New Reconciliation Service (The Movie Database - TMDB)

Hi all, I made a reconciliation service for OpenRefine specifically made to reconcile movies using the API from The Movie Database (TMDB). I have made a local version and a public one (running on render) to facilitate usage by people not well-versed in programming. I posted the public version on the OpenRefine reconciliation service test bench.

I am a film historian and so developed this for my own use - my coding skills are rudimentary and this is my first time writing something like this. I hope it will be useful for others, and would appreciate any feedback on the implementation! Do let me know if there is anything I should change and what else I could do to get the service out there.

4 Likes

Very cool. Congratulations, and welcome to the community!

I'd be curious to hear what you used as a starting point, if any, and what could be done to make creating reconciliation services like yours easier.

Tom

Thanks, Tom!

To be honest, there was definitely considerable help from AI for the actual coding.
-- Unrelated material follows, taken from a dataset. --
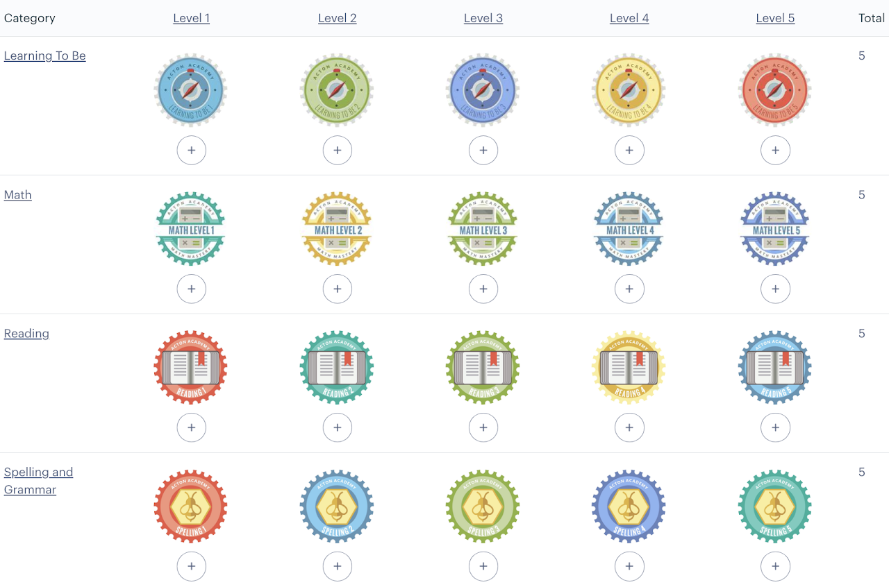 Badges are used to track academic progress in Core Skills like reading, writing, math, and spelling and character development as well as showcase other excellent work or mastery of useful skills.

Most of my programming before this had been for data analysis (I’d never used something like flask to make an actual application before).

I feel like a tutorial about how to build a reconciliation service based on an API key would be helpful, but I’m also not sure how big the user base for this would be! I was driven to this because the reconciliation through wikidata for films isn’t very good (low match rates and often wrong matches with high confidence because movies with the same title are very common).

Excellent! Can I ask why you did for TMDB instead for IMDB? Just curious :slight_smile:

Probably we will also take benefit of it for our CDCA project. Thanks!

1 Like

Having other people use it would make me very happy - if you guys notice anything that could be improved, let me know! The CDCA project sounds really cool!

IMDb is a great source of information, but unfortunately their data sharing policies are terrible. Just to have access to their API costs hundreds of thousands of dollars. Incidentally (and since I am already in a “here’s something I did mode” :sweat_smile:), I’ve actually written an article about IMDb’s history and how they slowly shifted from a commons-based project into a commercial one and in the process became increasingly less willing to share the data which is generated for free by its community of users.

TMDB, on the other hand, is an open access database that has a free and well-supported API. Though the database itself is not well-known, it is used by a lot of other websites (for instance, Letterboxd). If my project also makes more people aware of TMDB that would also make me happy, they deserve more recognition.

Side note: I just saw that TMDB currently has no Wikipedia page in English, which is crazy (they do for 15 other languages!). If anyone here has some Wikipedia clout (I figure if there’s one group that is likely to have some wiki editors it’s this one!), maybe you can get the decision to delete that reversed?

1 Like

Side note: I just saw that TMDB currently has no Wikipedia page in English, which is crazy (they do for 15 other languages!).

But since we're all data geeks here, it does have a Wikidata page: https://www.wikidata.org/wiki/Q20828898

1 Like

But since we're all data geeks here, it does have a Wikidata page: https://www.wikidata.org/wiki/Q20828898

True, and most films on Wikidata have a TMDB ID listed in their properties as well.